US needs digital warfare force

Double tap..

 

Its not such a bad idea, having recent experience in the ISP/Tier1 internet market, DoS (Denial of Service) attacks are now commonplace, and if directed against banks etc can be devastating to a country's economy. At the moment there is little co-ordination to track, trace and identify culprits. Even more diffucult with the technical capabilities built into trojans and worms.

 

Something worth a read here is The Cuckoos Egg. Issues the writter has are pretty much true even in today's world with the lack of co-op he gets. Sure, things have changed - but that for him becomes a personal crusade. It's truely the only way to get someone hacking.

When working for a carrier, some script kiddies fired of a script like clock work from an ISP DNS server they'd compromised. They did it right in the at the most annoying part of the day for the 4 people managing the service. Because of that they did get tracked and had their front doors caved in by FBI in the states and our police here. Aged 17-21 they generally had a bad day out. Why? They ruined my friday after work pint.

Having geeks being able to run assault courses doesn't really inspire the generic type, but something does need to be done. The internet is a wild west, it doesn't need a police force thou - what it really needs are a few sheriff's to be able to fight back.
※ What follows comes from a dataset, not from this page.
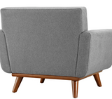 Gently sloping curves and large dual cushions create a favorite lounging spot. Whether plopping down after a long day at work, settling in with coffee and brunch, or entering a spirited discussion with friends, the Ronald accent chair is a welcome presence in your home. Tufted buttons create eye catching appeal; adding depth that brings your sitting decor to center stage. Four cherry color rubber wood legs and frame supply a solid base to the comfortable upholstered material. Mid-century modern style at its best.
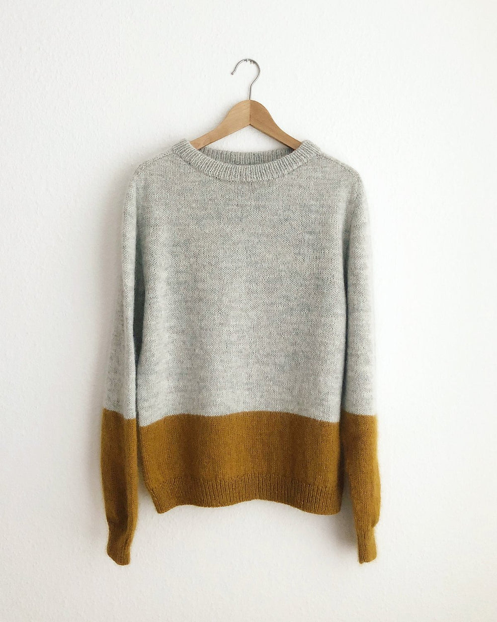 The Contrast Sweater has a color change 2/3 down the sweater.

Its a poachers/game keeper model where they both use the same tools to hunt and track each other.

 

Just wait till you meet the staff, its known as the funny farm round here! Geek central, though you wouldnt be typing on here without them

Still a bunch of weirdos though.

 

Although it could be argued that they wouldn't be there, without us typing on here.

 

Like to borrow my tinfoil hat?

 

Worth reading Fredrick Thomas Martin's book "Top Secret Intranet" - detail the history of Intelink, and makes several references to the risks and means to deal with them.

Ultimately the need for dedicated resources that can act quickly is a reasonable request. Strangely, the last nine months of turmoil in the major economies has given several institutions their closest simulation of what a substantial "cyber-attack" could do to their current sy / business models.

We crack wise on here everytime data goes walk-about, and the usual responses of investigation / lessons learned / changes in process / dismissal of fall-guy improve matters incrementally - moreoften due to the media pressure to be seen to be doing something.

I predict, that at some stage in the next couple of years a major financial / global organisation will discover that is has been targetted and hit for a severe financial loss. Anyone analysing trends in card fraud will know the true costs and yet the same security models are employd to secure sums and trading systems far larger. Given the average bank's ability to calculate risk is becoming more difficult than ever before, you really would have to wonder if all of them would be able to spot a co-ordinated attack, until after the event.

Which would lead to the next question - If a bank did get "taken apart" (and the bank discovered what was going on) - would they make that information public?

- screw the tinfoil hat - expose me to that radiation baby.

 

The thing is that banks have been concerned about computer crime since loooonnnnngggg before the internet turned up. After all, criminals follow the money - bank security types have been security minded since the first time that someone tried salami-slicing, way back in the 1960s or 70s.

They worry about such things all the time. Large corporations have invested lots of money in being able to offer computer security products; you can even get qualifications in penetration testing.

If HM Armed Forces want an aggressive cyber-warfare capability, I suspect that the answer would be a sponsored reserve from GCHQ or KPMG...

 

Even the Germans have recently set up a "cyber warfare" unit, if they see a need, there might be something in it.

 

The bigger difficulty is the simple fact that the Internet is global, Law is not.
Good luck in taking any kind of legal action against an unknown attacker bouncing out of DPRK IP space, or a large botnet where the control channel is sourced in Armenia, for example.

As in_the_cheapseats said, the Military is just not the right place to source this kind of resource, they simply don't have the experience outside of a very restricted [sic] environment, either in terms of technology or threat models.

 

BV Technician, yes the internet is global, but the US has been very successful at extraditing hackers from foreign countries, who have tried to attack banks and defence systems.

Currently response to cyber attacks is sporadic, and relies on the commercial enterprises who operate the internet backbone to try to defend against these attacks. Competition between these enterprises does not necessarily enhance the response to DoS attacks, and it takes time to a) stop the attack b) identify the perpetrator.

I think generally the use of systems to attack or deny service to servers in other countries is seen as breaking the law somewhere, and when identified perpetrators are usually caught and prosecuted. The telecommunications acts have various provisions for misuse within them in this country for example. However this becomes more difficult when the attacker is seen to be a foreign government who are intent on disrupting the telecommunications of another state.

 

Which is why LIAG is TA. If the MoD/Government/Land decide we need an offensive equivalent to complement LIAG it would make sense for that to be TA as well.

 

They have ? That is being hidden well then as they are still trying to extradite Gary McKinnon for alleged crimes dating from 2001, Ehud Tenenbaum surrendered to US Marshals and so on. I am not disagreeing in that legal action can sometimes be taken against attackers, it's just the reality that there are countries in this world were you cannot take any action at all, if the attack is sourced from there.